FAQ: One-Stage Breast Reconstruction
Questions & answers from Nation's Leading Breast Reconstruction Surgeon dr. lisa cassileth
BY. LISA B. CASSILETH MD, FACS
Dr. Cassileth, founder of Cassileth Plastic Surgery in Beverly Hills, CA is an industry leader in breast reconstruction. She believes no one should have to live with unsatisfactory results after undergoing breast reconstruction; she strives to make women aware of all breast reconstruction options available to them. Dr. Cassileth invented created her “Direct-To-Implant” one stage breast reconstruction because she felt there had to be a better alternative to traditional tissue expander reconstruction. Dr. Cassileth’s innovative technique allows women to awaken from mastectomy surgery with new breasts, all performed through small incisions.
“It’s exciting and rewarding to provide a new choice for breast cancer patients who are undergoing mastectomy. Reconstructing the breasts at the same time as mastectomy eliminates the risks of multiple surgeries and, more importantly, helps minimize the sense of loss.” – Dr. Lisa B. Cassileth, Board Certified Plastic Surgeon
We’ve compiled a list of commonly asked questions about “Direct-To-Implant” one stage breast reconstruction below:
Q. Don’t you have to make a large incision?
Dr. Cassileth’s technique makes the incision half the width of the breast and is completely hidden in the crease under the breast.
Why do you prefer one-stage to tissue expander reconstruction?

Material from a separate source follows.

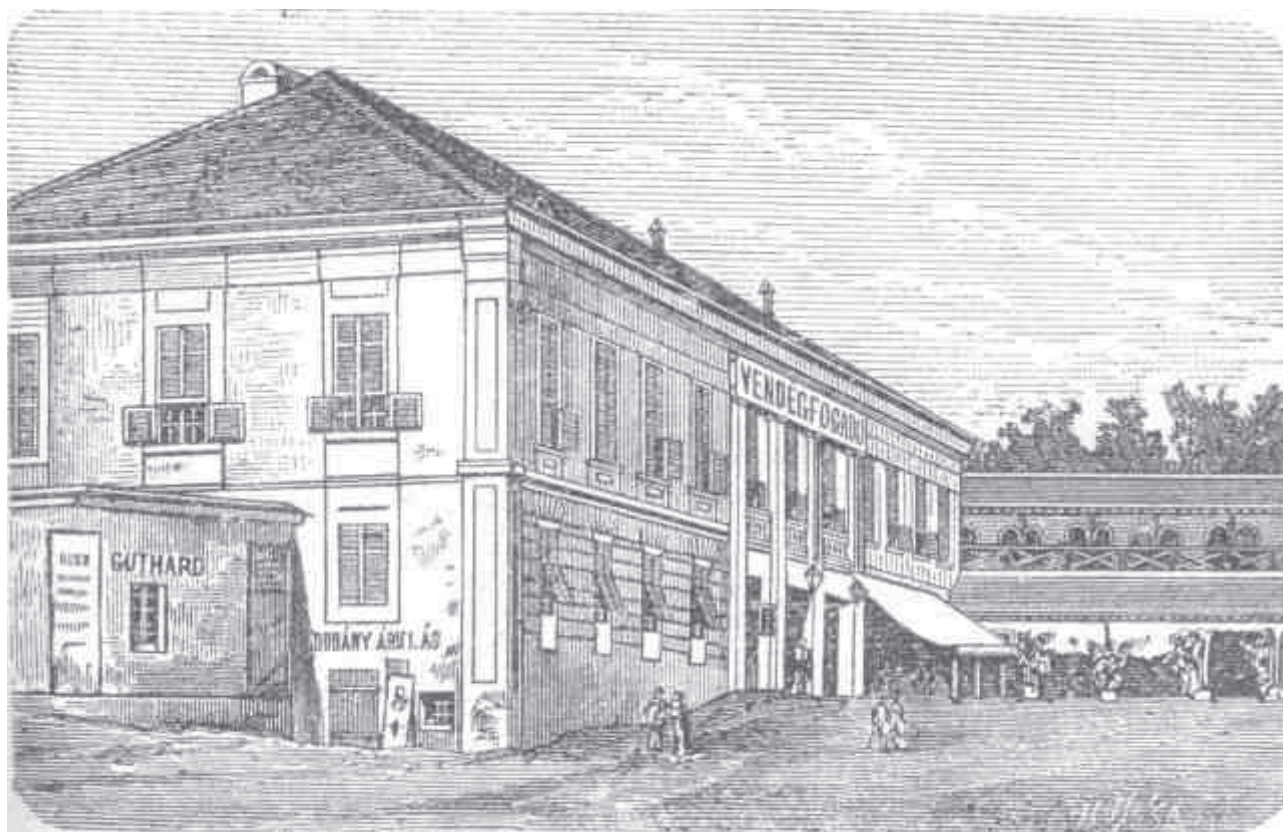
A vendégfogadó emeleti termében tartották 1848–1879 között az Anna-bálokat

Formerly, tissue expanders were necessary for traditional breast reconstruction, as so much skin was removed in the mastectomy, that expanders were required to stretch out the skin, so that it could accommodate an implant, placed during a second surgery.
With a nipple-sparing mastectomy, the skin and the nipple are completely preserved. There is no longer a need for expanding with a tissue expander when the skin is intact and healthy.
Q. I’ve heard that many people aren’t good candidates for this direct-to-implant breast reconstruction procedure, is that true?
Women who are good candidates for this procedure are sizes A through DD. You can have some droopiness also known as “ptosis”, as you will get a lot of natural lift for the procedure.
Patients who are not good candidates are often large breasted such as DDD and higher, have cancer that involves the breast skin, or are women with many medical problems may not be candidates for this procedure.
Q. What are the risks of one-stage breast reconstruction?
One-stage breast reconstruction has the same or lower risks as tissue expander breast reconstruction, as shown in my paper “One-Stage Immediate Breast Reconstruction with Implants: A New Option for Immediate Reconstruction.” Annals of Plastic Surgery, 2011.
The main risk for all mastectomies is that some of the skin or nipple will die. This is a risk inherent to the mastectomy, as removing the breast tissue removes all the blood vessels going through the breast that supply oxygen to the skin.
After mastectomy, the skin survives only on subcutaneous blood vessels called the “subdermal plexus” that are present in the normal fat right under the skin. It is critical that this layer of subcutaneous fat is preserved during the mastectomy, while removing all the breast tissue. And ideally, this is all done through an incision in the bottom of the breast, because it looks a lot better, and that incision doesn’t disturb the blood flow.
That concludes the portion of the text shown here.